On September 13, 1988, the Defendants removed this case as
a "public liability action" under 42 U.S.C. § 2210(n)(2). The
Defendants assert that this case is a "public liability action"
(under the Price-Anderson Act as amended in 1988) by a
radiation worker against an Illinois public utility and its
contractor. See, 42 U.S.C. § 2014(hh), (w), and (q).
O'Conner filed an objection to the removal on September 23,
1988. The Defendants responded to this objection on November
1, 1988. O'Conner then filed a reply on November 28, 1988.
Finally, on December 8, 1988, the Defendants filed another
reply. (See, documents #5, #7, #9, #10).
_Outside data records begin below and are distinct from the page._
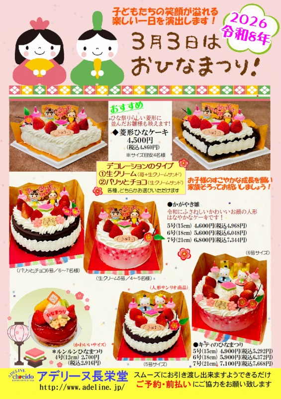 ひな祭りらしい伝統的な菱形ケーキ、並んだお雛様も映えます!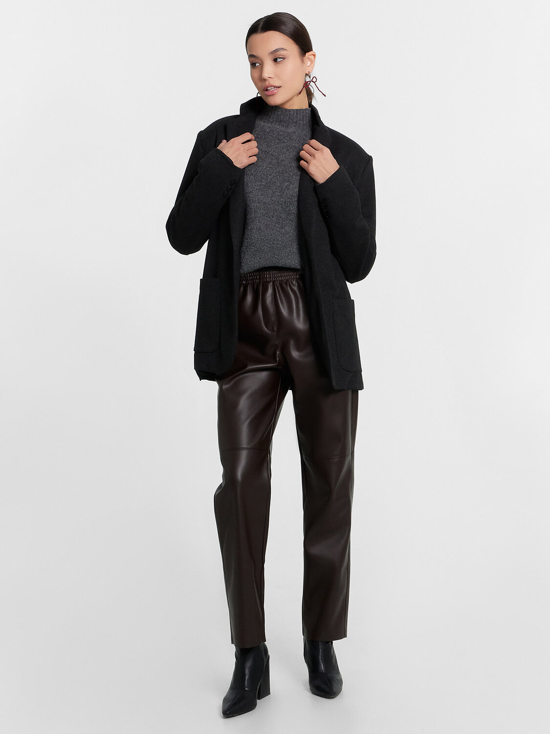 Брюки прямого силуэта зауженные к низу. Пояс цельнокроеный с эластичной тесьмой внутри (внутр. 40мм 40RV). В боковых швах обработаны карманы, подкладка карман из подкладочной ткани. На правой передней половинке проложена декоративная строчка - имитация гульфика. На передних и задних половинках горизонтальные подрезы выше колен. Нижние срезы брюк подкоеены.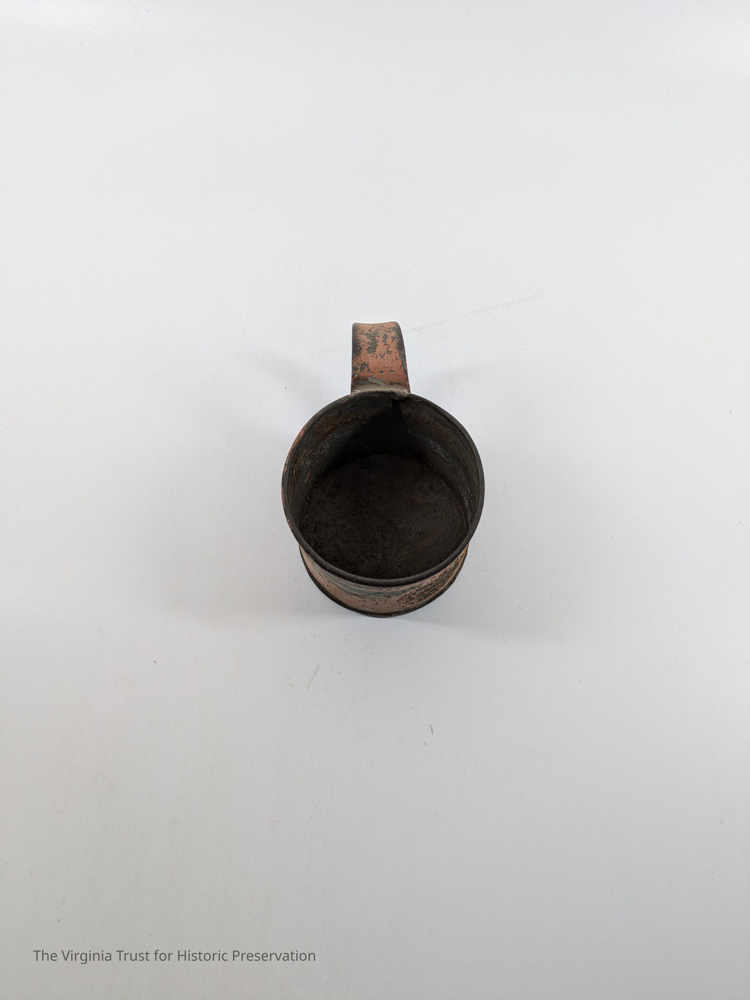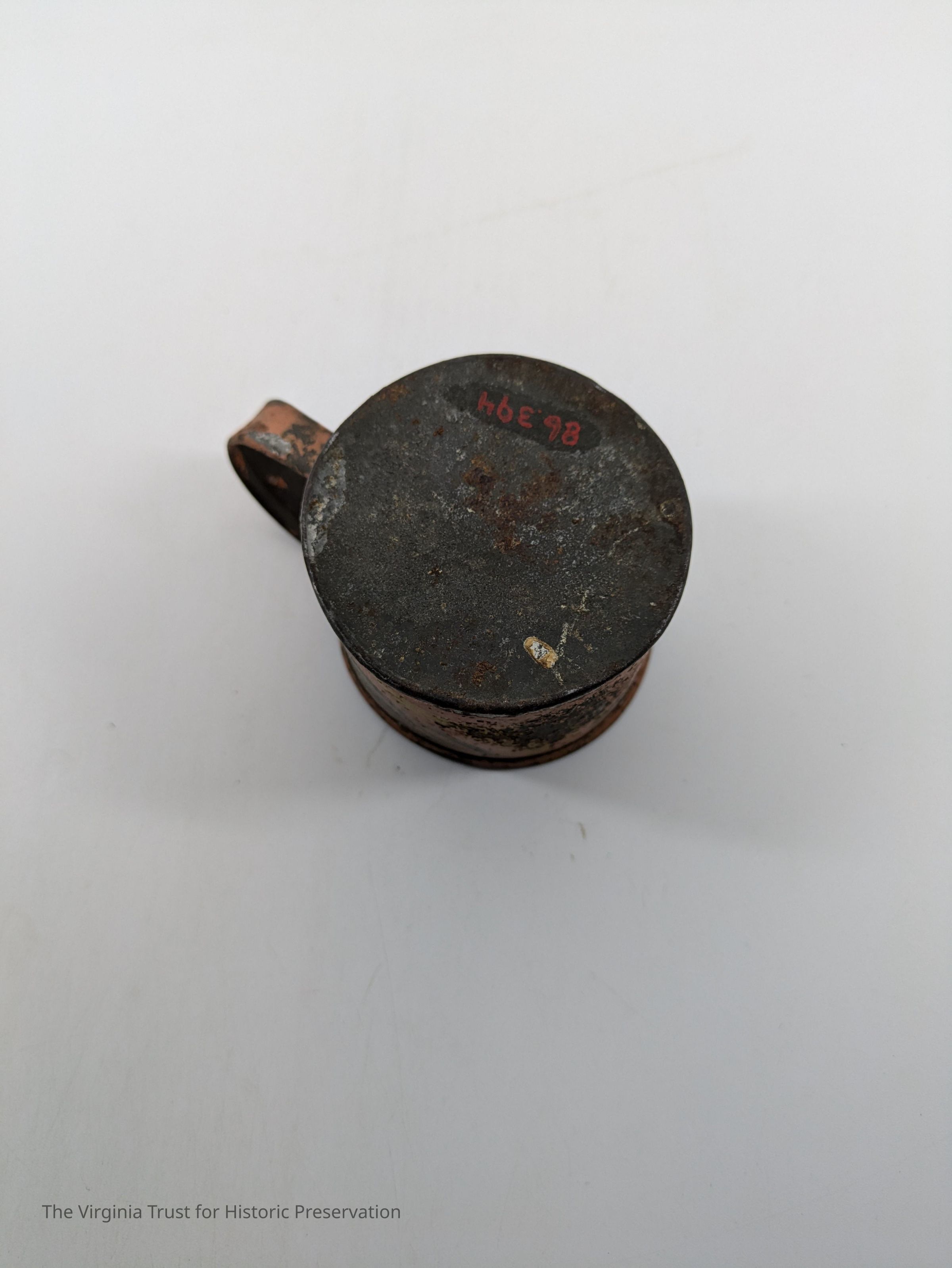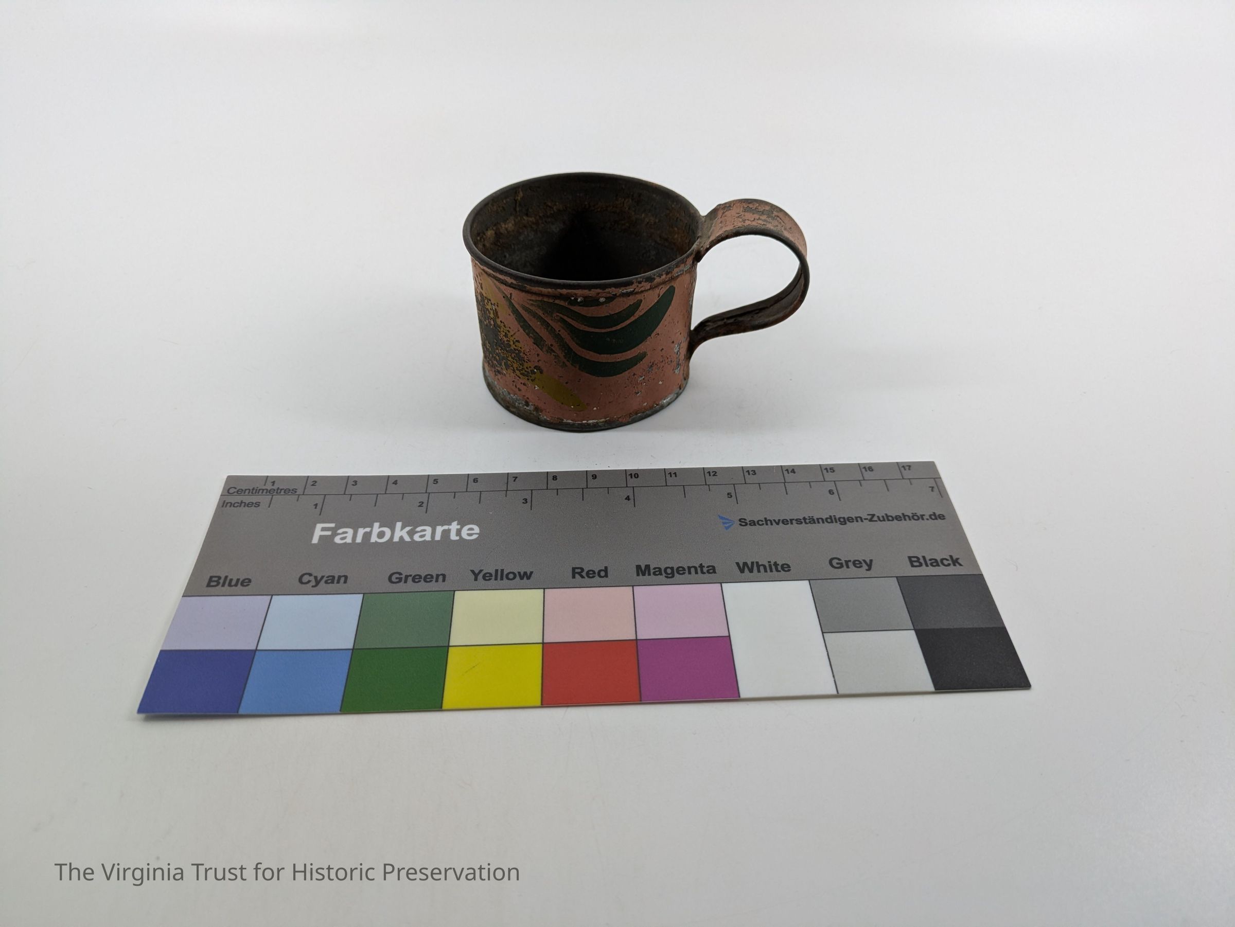 Tin cup with handle. Painted pink with yellow and green stripes.

The Magistrate held a
hearing on the objection to the Petition for Removal on January
5, 1989. He denied O'Conner's request for remand by docket
entry on that same date.*fn3
O'Conner asserts that, if the Atomic Energy Act preempts
state court jurisdiction, that preemption is limited solely to
the exclusive jurisdiction of the federal government to
control the standards and methods of regulation only and does
not preempt state court jurisdiction premised upon common law
negligence. See, Silkwood v. Kerr-McGee Corp., 464 U.S. 238,
104 S.Ct. 615, 78 L.Ed.2d 443 (1984). Further, O'Conner asserts
that the sole purpose of the Price-Anderson Act was to
establish an indemnification scheme where the operator of the
nuclear plant would be subject to multi-million dollar
judgments. Thus, O'Conner submits that the Price-Anderson Act
is applicable only if the verdict potential for the injuries
caused by the radioactive material exceeds $60,000,000, and
only if the government must implement the indemnification
procedures of the Price-Anderson Act.
O'Conner notes that the joint committee report on the
original version of the Price-Anderson Act indicated this
limited need was the sole purpose of a limited scope of
federal court intervention:
Since the rights of third parties who are injured
are established by state law, there is no
interference with the state law until there is
likelihood that the damages exceed the amount of
financial responsibility required together with
the amount of the indemnity. At that point the
federal interference is limited to the
prohibition of making payments to the state
courts and to pro rating the proceeds available.
S.Rep. No. 296, 85th Cong., 1st Sess. 9 (1956).
As the Defendants note, however, their Petition for Removal
is based upon the
Price-Anderson Act of 1988 which amended the Atomic Energy Act
of 1954 to provide for retroactive federal court jurisdiction
over claims involving a "nuclear incident." The Price-Anderson
Act amendments of 1988 broadened the scope of the Atomic
Energy Act to apply to individual claims of personal injury
arising out of radiation exposure. Sections 11(a)(1)(A) and
(B) and § 11(a)(2) of the Price-Anderson Act amendments of 1988
amend § 170(n)(2) of the Atomic Energy Act of 1954
(42 U.S.C. § 2210(n)(2)) by striking the clause "an extraordinary nuclear
occurrence" each place it appears and inserting the clause "a
nuclear incident." 42 U.S.C. § 2210(n)(2) now reads as follows:
With respect to any public liability action arising
out of or resulting from a nuclear incident, the
United States District Court in the district where
the nuclear incident takes place, or in the case of
a nuclear incident taking place outside the United
States, the United States District Court for the
District of Columbia, shall have original
jurisdiction without regard to the citizenship of
any party or the amount in controversy. Upon motion
of the defendant or of the Commission, or the
Secretary, as appropriate, any such action pending
in any state court (including any such action
pending on August 20, 1988) or United States
District Court shall be removed or transferred to
the United States District Court having venue under
this subsection. . . . . (Emphasis added).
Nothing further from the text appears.